Task brief → Each line of the material must be reproduced exactly; pictures stay out.

Recorded information →
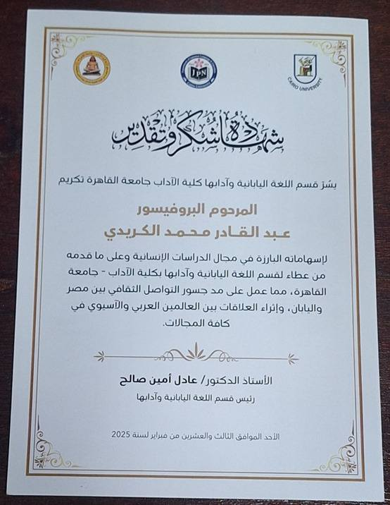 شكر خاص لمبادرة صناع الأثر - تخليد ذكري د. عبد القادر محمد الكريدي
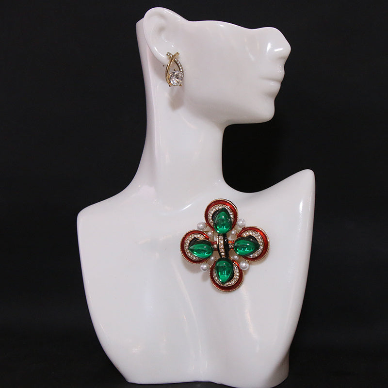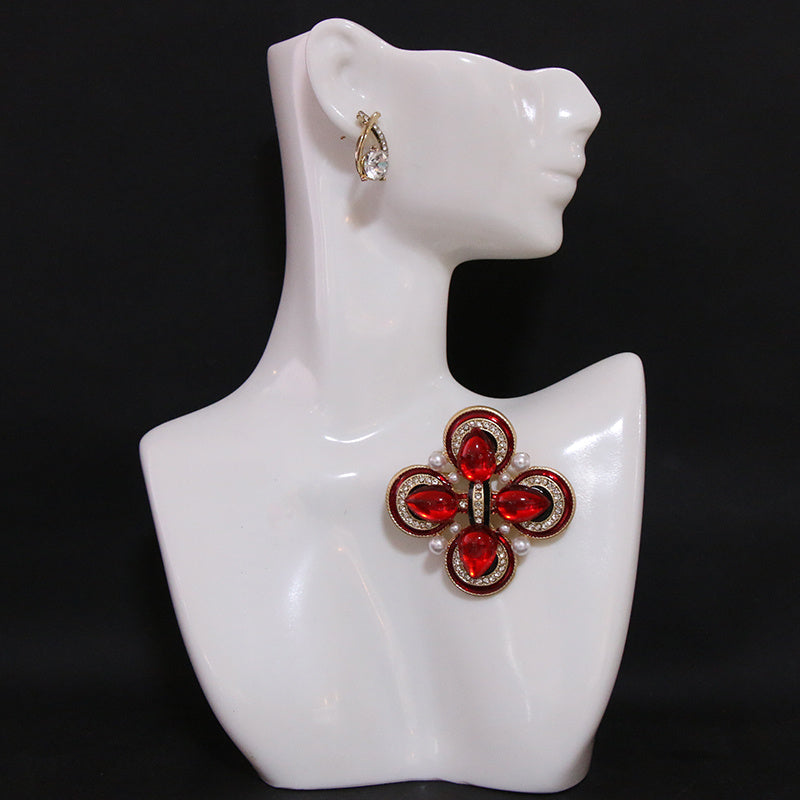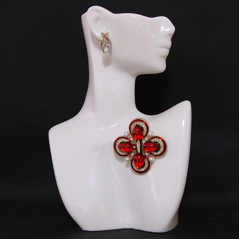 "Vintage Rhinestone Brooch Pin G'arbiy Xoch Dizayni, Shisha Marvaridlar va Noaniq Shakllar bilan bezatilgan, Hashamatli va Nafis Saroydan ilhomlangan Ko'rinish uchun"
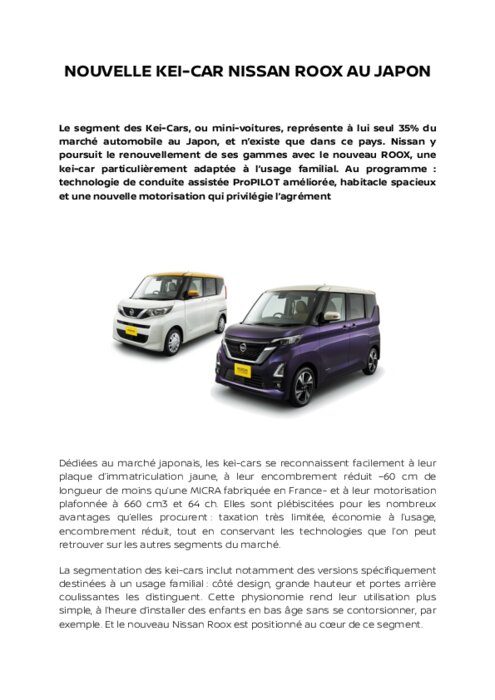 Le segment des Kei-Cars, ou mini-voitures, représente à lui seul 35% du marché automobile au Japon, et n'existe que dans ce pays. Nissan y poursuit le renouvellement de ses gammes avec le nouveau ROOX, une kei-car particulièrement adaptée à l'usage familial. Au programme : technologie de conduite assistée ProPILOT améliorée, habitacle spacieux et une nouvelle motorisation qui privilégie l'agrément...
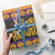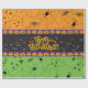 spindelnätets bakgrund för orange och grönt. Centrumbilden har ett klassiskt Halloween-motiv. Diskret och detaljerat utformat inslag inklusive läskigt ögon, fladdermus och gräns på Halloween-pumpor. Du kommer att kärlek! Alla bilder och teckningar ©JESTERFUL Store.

Problem solution →
 شكر خاص لمبادرة صناع الأثر - تخليد ذكري د. عبد القادر محمد الكريدي
 "Vintage Rhinestone Brooch Pin G'arbiy Xoch Dizayni, Shisha Marvaridlar va Noaniq Shakllar bilan bezatilgan, Hashamatli va Nafis Saroydan ilhomlangan Ko'rinish uchun"
 Le segment des Kei-Cars, ou mini-voitures, représente à lui seul 35% du marché automobile au Japon, et n'existe que dans ce pays. Nissan y poursuit le renouvellement de ses gammes avec le nouveau ROOX, une kei-car particulièrement adaptée à l'usage familial. Au programme : technologie de conduite assistée ProPILOT améliorée, habitacle spacieux et une nouvelle motorisation qui privilégie l'agrément...
 spindelnätets bakgrund för orange och grönt. Centrumbilden har ett klassiskt Halloween-motiv. Diskret och detaljerat utformat inslag inklusive läskigt ögon, fladdermus och gräns på Halloween-pumpor. Du kommer att kärlek! Alla bilder och teckningar ©JESTERFUL Store.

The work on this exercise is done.